Perhaps it is the English penchant for queuing that has gotten me looking for new and innovative ways to be that person who, with little effort and to the chagrin of all others following the queuing order, skips to the front, avoiding stagnation and an otherwise worthless time spent standing and watching someone else's back. Or maybe I'm just an impatient individual who never learned that particular virtue. In either case, I have very little tolerance for prolonged standing and have now successfully shaved, cumulatively, several hours off of the total time spent waiting on line.

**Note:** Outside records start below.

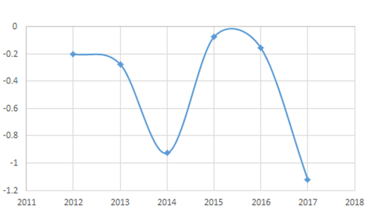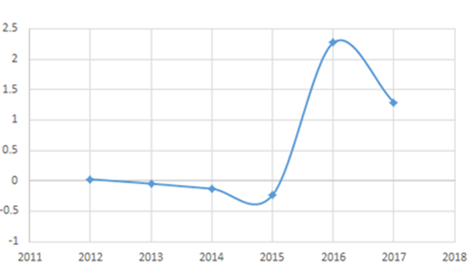 Figure-2. ROA Plastics industry in Indonesia for the period 2012-2017.
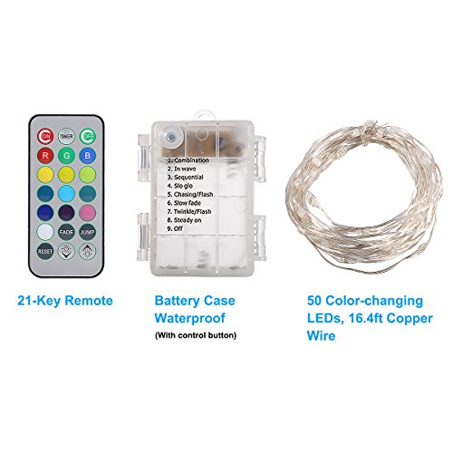 S&G LED String Lights, Battery Powered Multi Color Chaning Fairy Lights with Remote Control,IP44 Waterproof 16ft 50LEDs Indoor Decorative Silver Wire Lights for Party, Christmas Lights
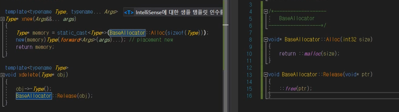 - heap에서 직접 메모리를 가져오지 않고, 개발자가 지정한(이미 가지고 있는) 메모리를 사용하게 하려면 placement new를 사용합니다.
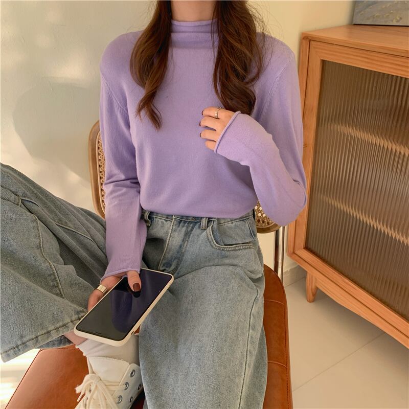 カラーセーター シャツ スプリング薄手ベーシックスリムトップス ロング 春物 kumikum63019459177

The first was waiting for tickets at the BBC Proms in the Park. For those of you for whom the Proms is not part of your summer vocabulary, you can think of it as something resembling Central Park's Summer Stage, only not free. Or, if that didn't help, you can think about a concert in a park in the middle of a city. The Proms itself is a hundred year old tradition that finds people sitting in or around a concert hall, listening to classical music throughout the summer. It is also cheap for the cheap seats and, this year, also features a fully-outdoor concert in the middle of Hyde Park. Bring some cheese, bring some wine, that sort of thing. One must also remember to bring a sweater as the last Proms event of the year falls in the middle of September which is going to get quite chilly when the sun goes down. The Proms in the Park is also ridiculously disorganized as was witnessed by the not fewer that a half-dozen queues for ticket retrieval and the mob of people waiting to be searched on their way into the stage area.

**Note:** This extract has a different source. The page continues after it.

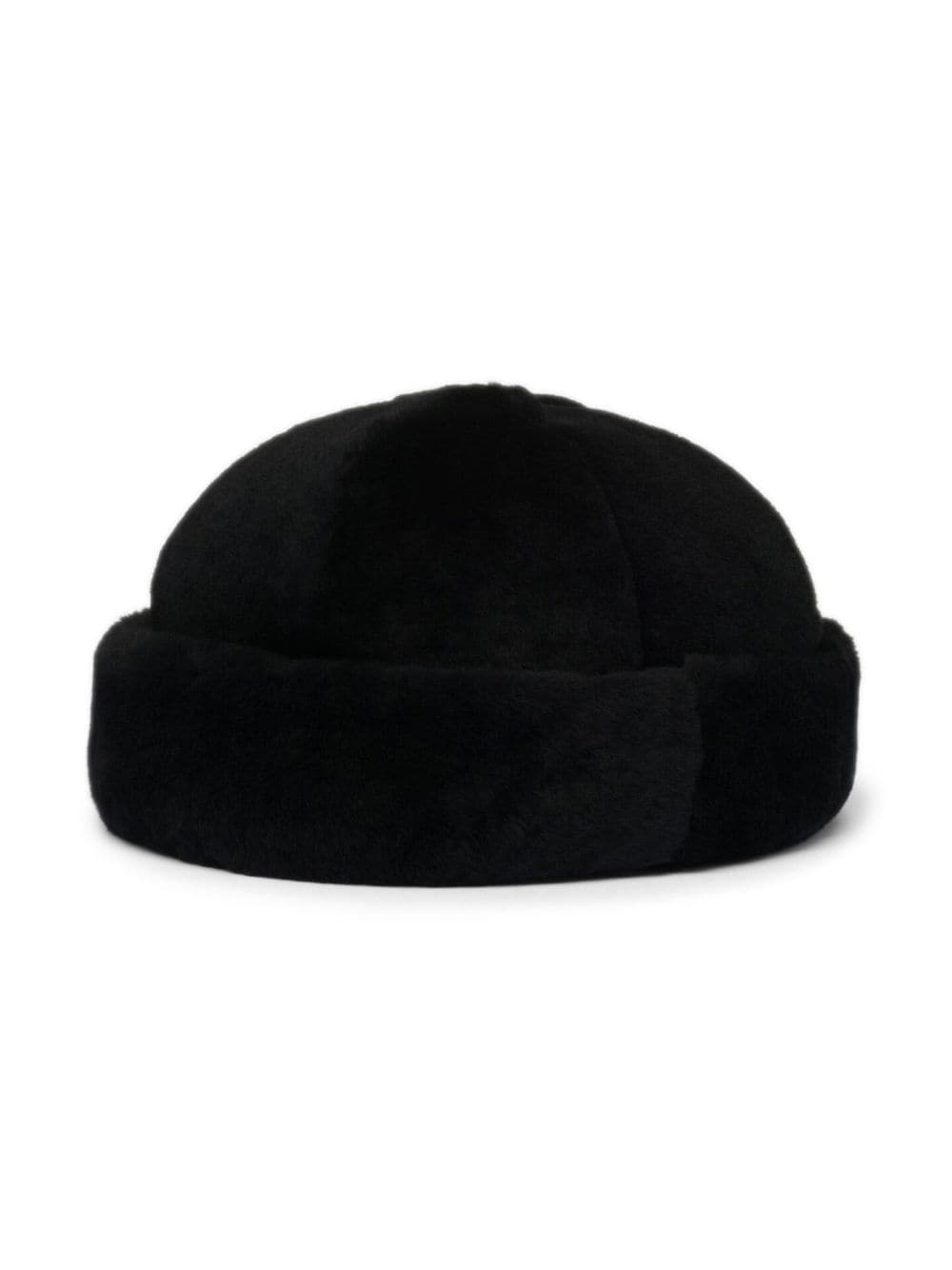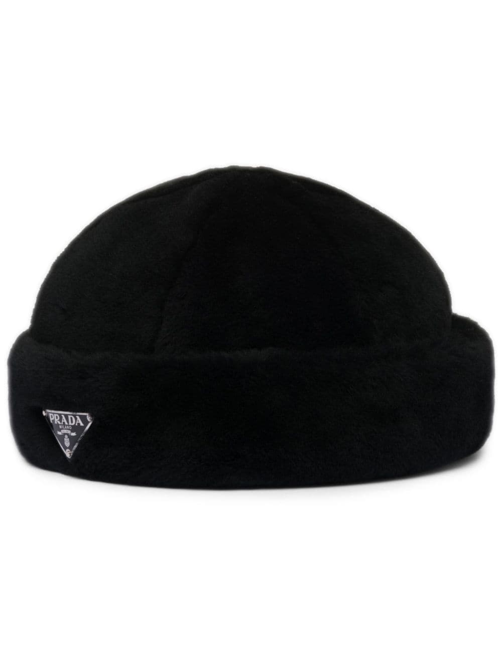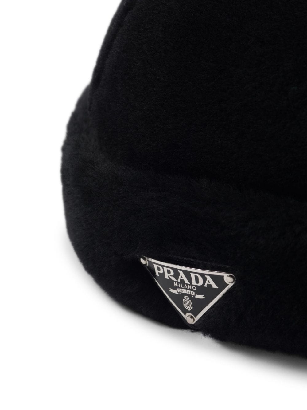 Prada says its iconic triangle logo is ‘a shape that resonates without words.’ An enamelled version of the emblem is appliquéd at the brim of this black shearling beanie.

Now there were two amazing things about the ticket collection procedure that was taking place. The first was that the queues were divided up by last name, but there were no signs indicating which queue was for which name, which left plenty of people in the wrong line until they discovered their mistake and were forced to the end of the correct one. The other is that the tickets were organized in what appeared to be shoe boxes and not in any discernible order, forcing the ticket distributor to rifle through the entire selection of tickets searching for the correct packet.

So what did we do? After waiting for not less than half an hour and getting nowhere at all in the queue, I headed to the front just as a massive restructuring of said queues was occurring. I wandered up to what appeared to be an open information window and, upon stating the name of the ticket holder, was handed over the three tickets for which we were waiting. Confused but grateful, I ran back to the line, collected my party and headed into the venue as the rest of the line stared and silently shook their fists.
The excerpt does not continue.